Tim Hancock, Amnesty's international campaigns director, said: "The 'Chinese model' of an internet that allows economic growth but not free speech or privacy is growing in popularity, from a handful of countries five years ago to dozens of governments today who block sites and arrest bloggers."

China's 144 million internet users face the most sophisticated controls in the world. Software filters hundreds of millions of emails, web-pages, and mobile phone text messages for key words that trigger either automatic blocks or further investigation by censors.

In addition, internet companies in China, including overseas firms, have to operate systems of self-censorship. The Chinese government claims that the rules are in line with international norms for countering crime such as pornography, but does not deny that they also cover political activity.

Shi Tao, an award-winning reporter on a central Chinese newspaper, is serving 10 years in jail for sending details of one censorship order to Human Rights in China by email.

His details were handed over to police by the American internet firm Yahoo!. Amnesty said such practices could change the internet "beyond all recognition" as they are taken up by other countries.

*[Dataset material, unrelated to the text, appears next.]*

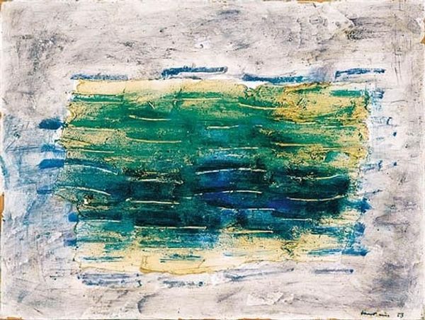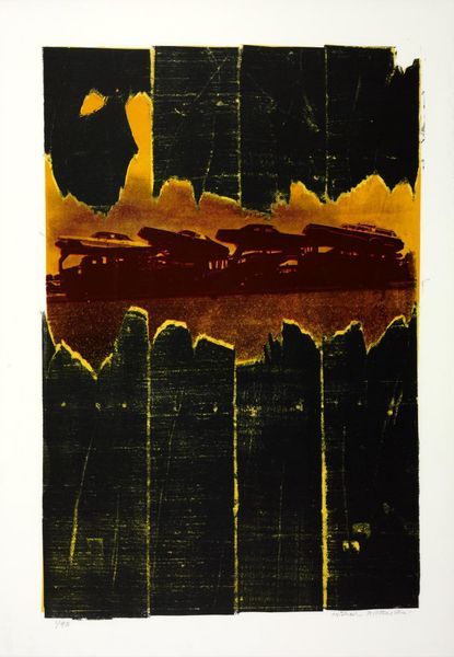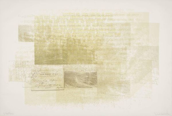 Curator: David Leverett, born in 1938, created this work, "Two Faces of a Place." It's currently held in the Tate Collections and presents a fascinating interplay of image and text. Editor: My first thought? Fragmented memories. It feels like a landscape seen through a broken window, or a dream slowly fading. Curator: The layering here is key. Leverett is exploring how we construct meaning through both visual representation and language, challenging the idea of a single, unified perspective. It brings up questions of accessibility, particularly with the script overlaying the landscape. Who is invited to "read" this place? Editor: Absolutely. It’s like the landscape is trying to speak, but the words are almost illegible, like a half-forgotten poem scribbled in a fever dream. Are we meant to decipher it, or just feel the texture of the words? It's like he's blurring the line between seeing and feeling. Curator: Perhaps both. The act of trying to decipher it, of engaging with the fragmented text, becomes part of the experience. The "touch of Braille" that's actually written there is very interesting too: is the landscape inviting you to 'read' it? I keep thinking about what it means to 'read' a landscape at all. Editor: You know, looking at it again, there's a certain melancholy to it. It's beautiful, but also unsettling. Like a place that's been loved, lost, and remembered imperfectly. Curator: Precisely. It makes me consider our relationship with place, memory, and the stories we tell ourselves about them. Editor: It really is a piece that stays with you, whispering its secrets long after you've walked away.

It cited research by an academic study group, the Open Net Initiative, that at least 25 governments employed filtering for censorship. They included Iran, Burma, and Saudi Arabia but also Western-oriented democracies such as India and South Korea.

The webcast discussion will feature Martha Lane-Fox, the dotcom entrpreneur, and Jimmy Wales, the founder of Wikipedia, the internet encyclopedia, which is one of thousands of sites permanently blocked in China.